Pictures are to be omitted. Output only the lines from the one containing "We are so aware" through the end of the data, word for word.

• **Recorded data**
*** Begin section ***
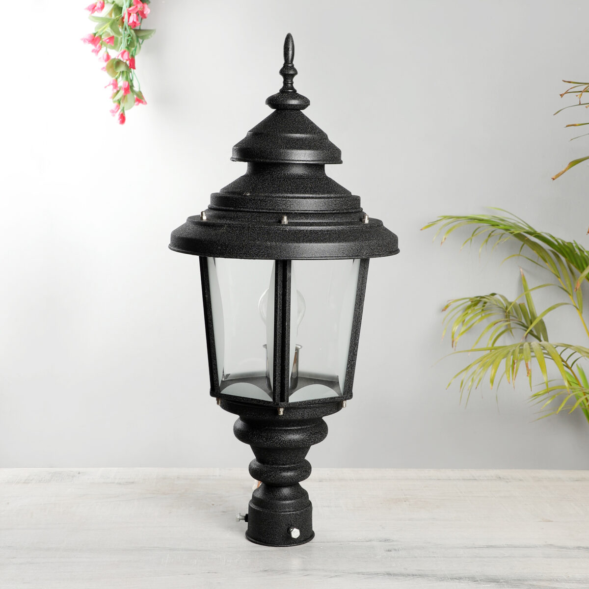 Traditional,aluminium sheet one of the top export quality gate pillar post light in black finish. It is maintenance free, comes with an B22 holder, only the change of lamp is required, which is available locally everywhere. You can of course swap out the bulb for one that is dimmable, has a higher light output or a different color temperature. IP 54 rated, providing protection from sprayed water in any direction and making this light perfect for use outdoors.Application areas include building entrance, on top of terrace walls, terrace gardens, boundary walls, open parking, stilt parking. Also available in small and big size having codes GL4554-S and GL4554-XL. Matching wall light code – WL1182, Matching Bollard – K818. LAMPS NOT INCLUDED.
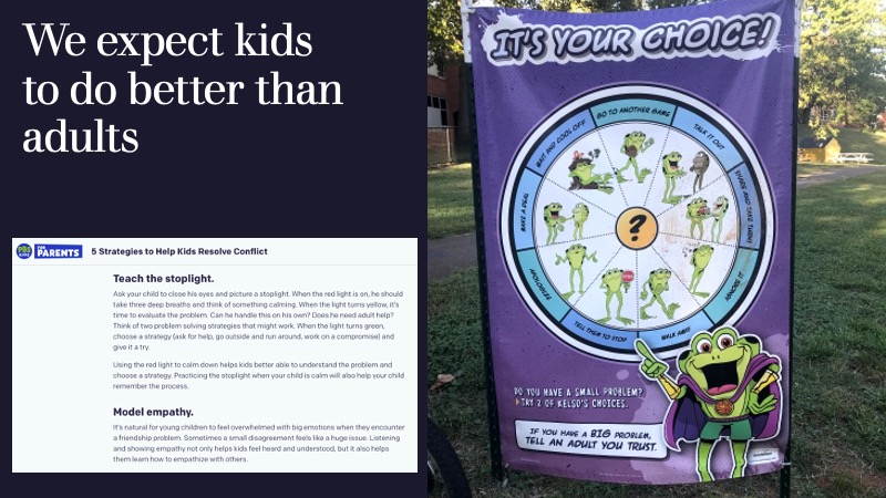 We are so aware of what’s needed that we all routinely tell our kids to be radical peacemakers, to deescalate, to back away, to apologize, to compromise.
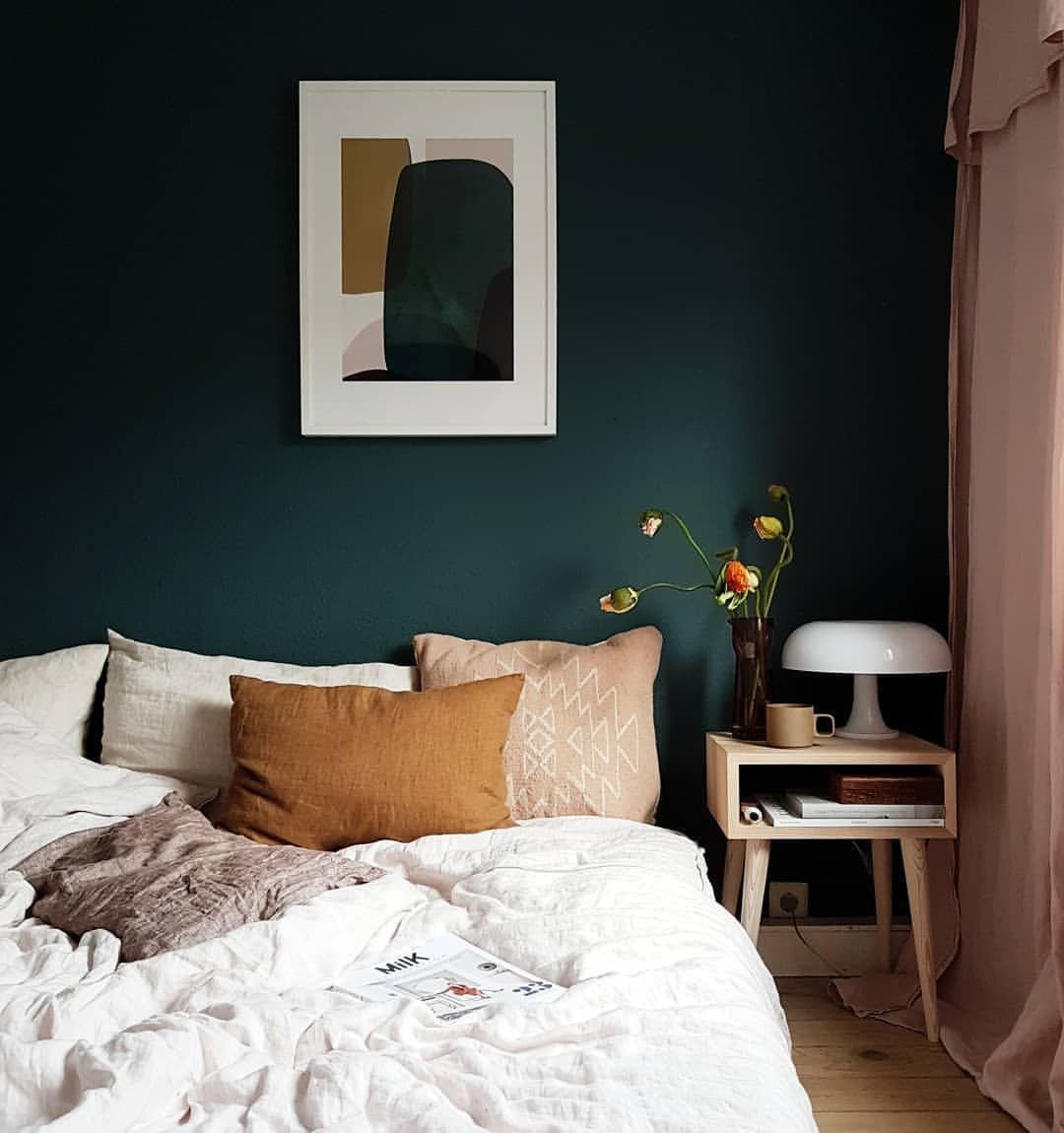 Темно зеленые стены в спальне
*** End section ***
• **Answer to this task**
 We are so aware of what’s needed that we all routinely tell our kids to be radical peacemakers, to deescalate, to back away, to apologize, to compromise.
 Темно зеленые стены в спальне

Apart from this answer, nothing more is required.